Con 300, su trabajo más aplaudido por geeks y gente normal, demostró que sabe hacer un gran espectáculo de un guión bastante pobre. Con Watchmen colocó imágenes hermosas al servicio de una adaptación bastante confusa. Y su proyecto personal, Sucker Punch, es como una versión soft porn de Kill Bill en el que las imágenes por computadora golpean tanto nuestro cerebro que olvidamos de qué trata todo lo que ocurre en pantalla. Lo mejor es que funciona.

Después de todo, este es el director que despojó a Dawn Of The Dead (la original de George Romero) de toda crítica social y, en su lugar, puso más sangre y CGI. Ya sé que el cine comercial debe ofrecer mucho más que luces y coloritos, pero estamos hablando del Willy Wonka de los dulces y coloritos cinematográficos.

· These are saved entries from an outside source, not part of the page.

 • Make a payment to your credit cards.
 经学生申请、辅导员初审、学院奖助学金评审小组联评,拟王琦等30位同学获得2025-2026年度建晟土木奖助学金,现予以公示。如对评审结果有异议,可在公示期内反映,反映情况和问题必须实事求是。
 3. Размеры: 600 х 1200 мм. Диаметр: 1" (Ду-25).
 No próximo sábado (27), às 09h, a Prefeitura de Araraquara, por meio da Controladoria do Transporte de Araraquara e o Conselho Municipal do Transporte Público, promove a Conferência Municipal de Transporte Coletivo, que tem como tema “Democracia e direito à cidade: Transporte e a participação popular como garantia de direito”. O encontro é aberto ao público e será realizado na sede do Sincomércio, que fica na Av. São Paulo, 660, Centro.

La idea de un reinicio para Spider-Man parecía absurda poco más de una década del lanzamiento de la primera versión realizada por Sam 'gracias por Evil Dead' Raimi. Pero el público es distinto y la cantidad sofocante de novedades en el entretenimiento hacen que toda una nueva generación de espectadores olvide al Hombre-Araña de boligoma de aquel 2002. La película logró una conexión con su público objetivo, que nada tiene que ver con los treintañeros-cuarentañeros que crecimos con las primeras historietas. Es posible contar la misma historia mil veces y siempre dotarla de características nuevas, que en Man Of Steel toman forma en un diseño de personaje y tratamiento mucho más duros, a diferencia de la falta de carácter en la encarnación de Brandon Routh. La verdad es que aquel Superman más bien parecía destinado a trabajar en un parque de diversiones doblando globos en forma de perrito.

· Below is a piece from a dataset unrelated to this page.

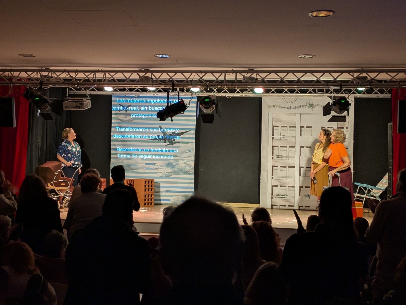 De esta manera, los allí presentes disfrutaron de una función —escrita y dirigida por Reyes Ruiz y producida por la compañía de teatro Patio de Vecinas y la empresa de gestión cultural Frescultura— que unió comedia y memoria, y que recordó a todas aquellas mujeres anónimas que, desde el esfuerzo, la valentía y el amor incondicional a sus raíces y a sus seres queridos, encabezaron las luchas vecinales en nuestro país al mismo tiempo que cuidaban de sus hogares y de sus hijos e hijas.

El nombre de Zack Snyder en el puesto más alto en la producción de Man Of Steel, junto con los 225 mil millones de dólares que costó --inserte chiste de 'con eso se erradica el hambre de un país pequeño'--, aseguran que este será un espectáculo gigantesco. Después de contemplar con la baba escurrida sobre las palomitas lo que Joss Whedon hizo durante la última hora de The Avengers, Snyder tiene mucha tarea.

El nuevo cartel promocional, con Henry Cavill (alias Clark Kent, alias Superman, alias Kal-El) preso y con unas esposas como para narcotraficantes espaciales, es una especie de advertencia: lo que van a ver les va a calentar la cabeza hasta las lágrimas.

Este show reventará las bocinas de las salas IMAX.